▶ DATA PROVIDED:
——————

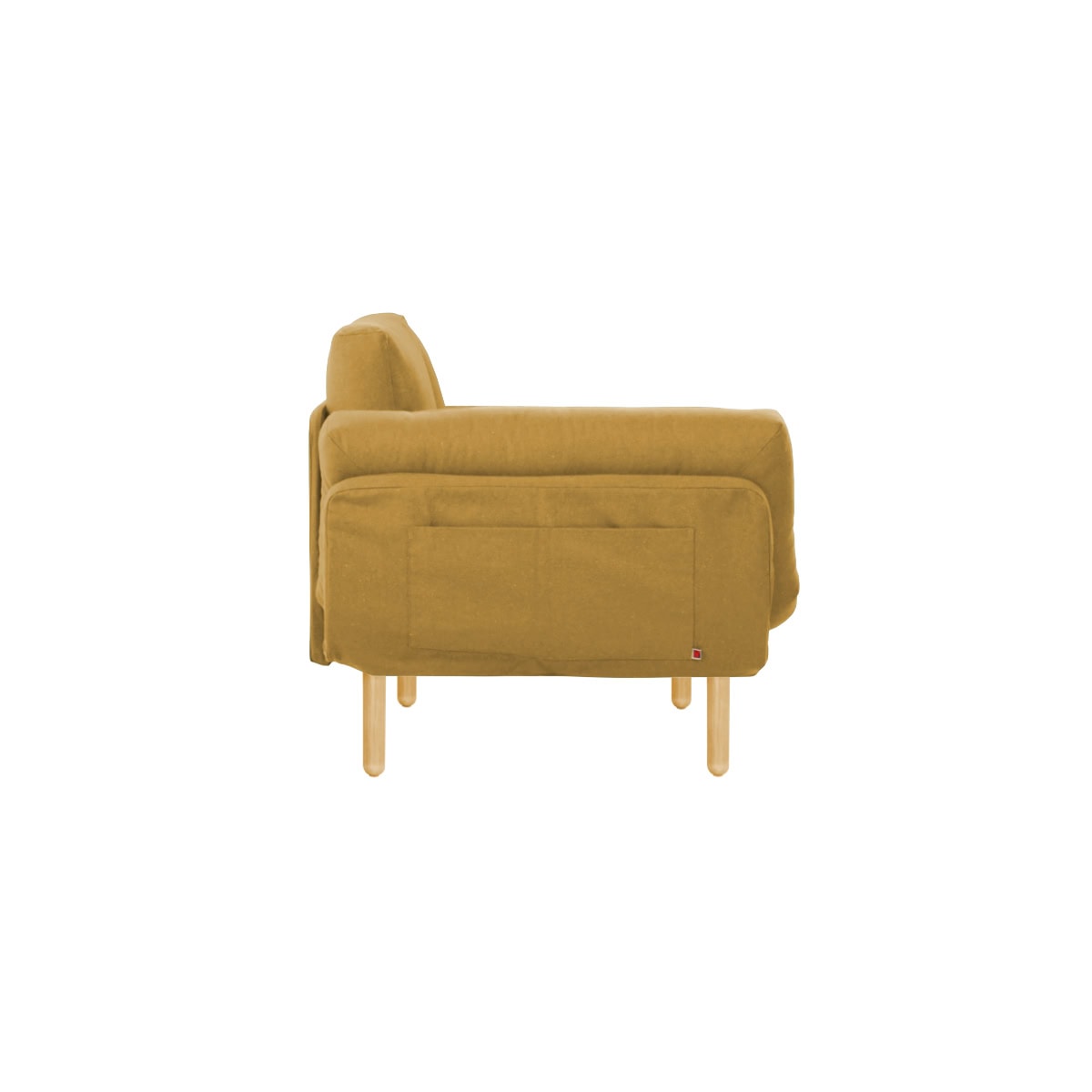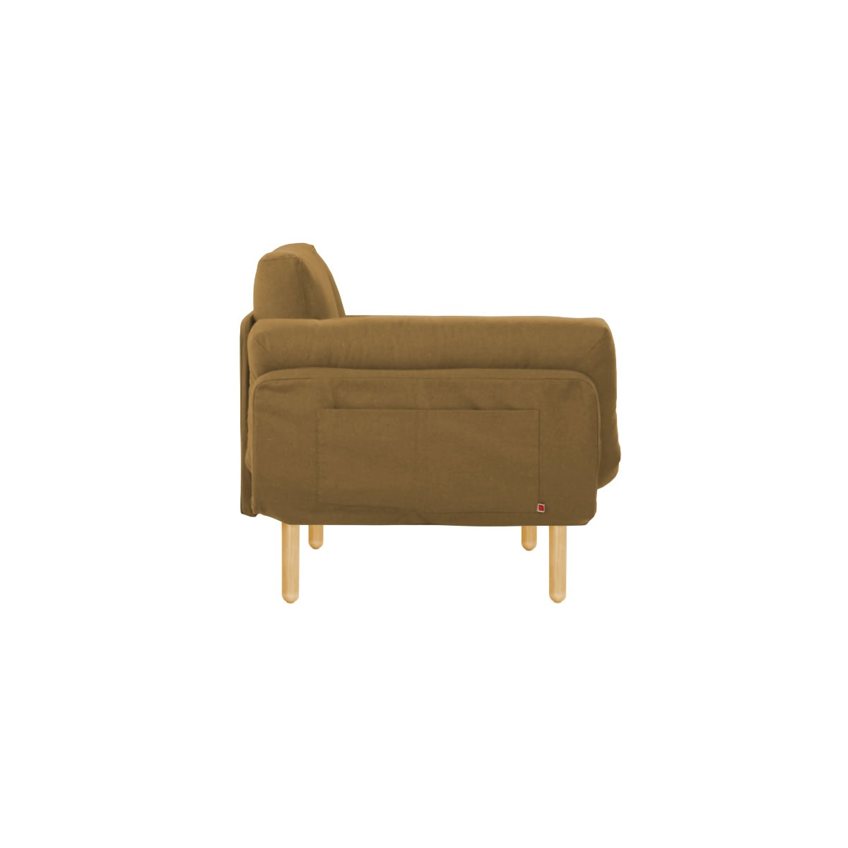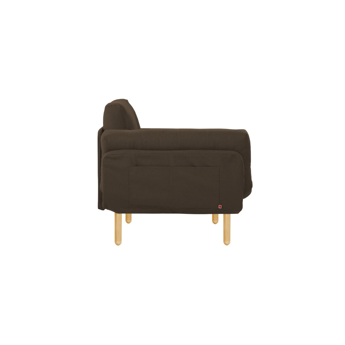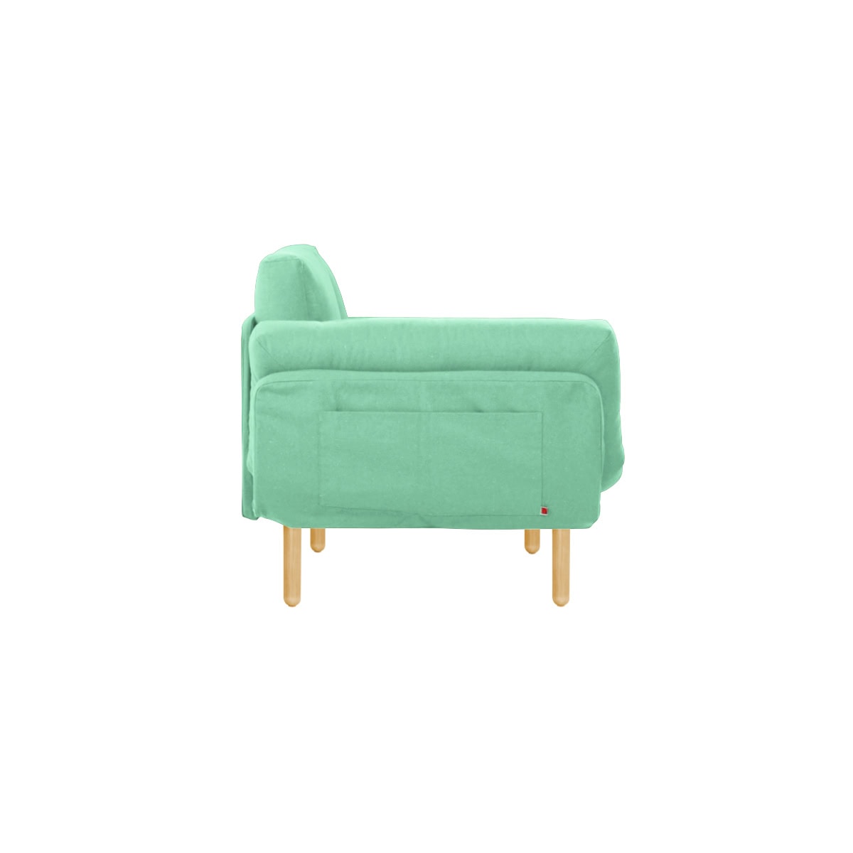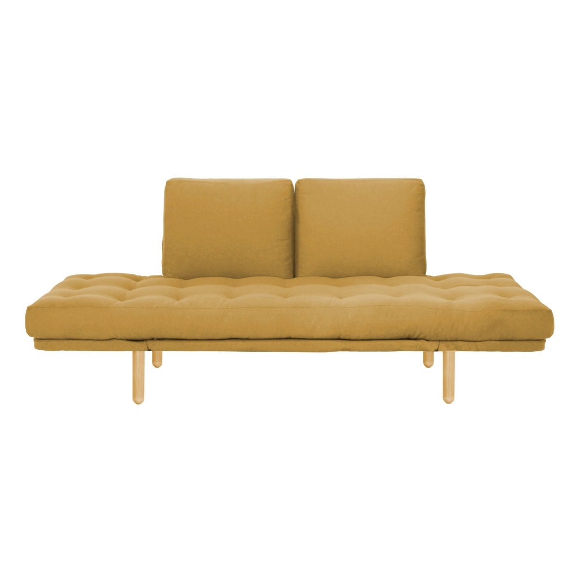 Design 60’s para esse sofá e cama New Oslo com pés Round. Equipado de futon revestido de tecido Ecolona, braços articulados, compacto, estiloso e confortável.
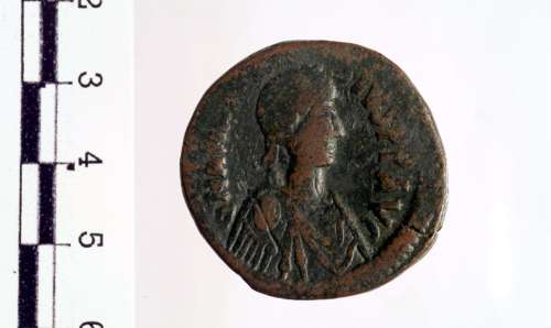 Busto diademato, drappeggiato e corazzato di Anastasio a d.
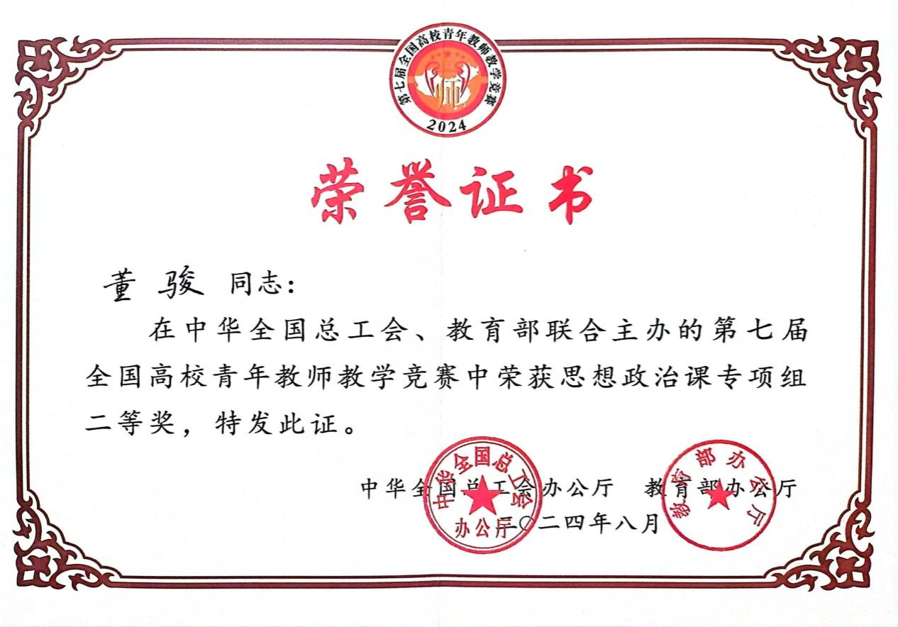 8月30日,第七届全国高校青年教师教学竞赛决赛在上海交通大学顺利落下帷幕,经过激烈角逐,太阳成集团tyc33455cc院董骏副教授脱颖而出,荣获第七届全国高校青年教师教学竞赛思想政治课专项组二等奖,取得公司在该组别历史最好成绩,这也是重庆市在该组别历史的最好成绩。
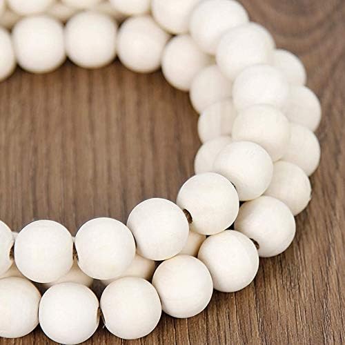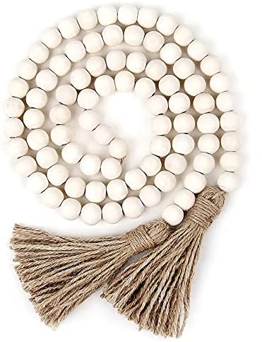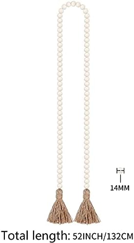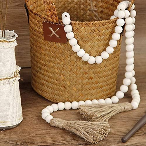 Guirlande de perles en bois avec pompons, perles rustiques de style rustique et bohème à suspendre au mur, couleur bois

——————

No pictures should appear in the copy. Print exactly the lines above from the line containing "8月30日,第七届全国高校青" through the last line of the data.

▶ OUTPUT:
 8月30日,第七届全国高校青年教师教学竞赛决赛在上海交通大学顺利落下帷幕,经过激烈角逐,太阳成集团tyc33455cc院董骏副教授脱颖而出,荣获第七届全国高校青年教师教学竞赛思想政治课专项组二等奖,取得公司在该组别历史最好成绩,这也是重庆市在该组别历史的最好成绩。
 Guirlande de perles en bois avec pompons, perles rustiques de style rustique et bohème à suspendre au mur, couleur bois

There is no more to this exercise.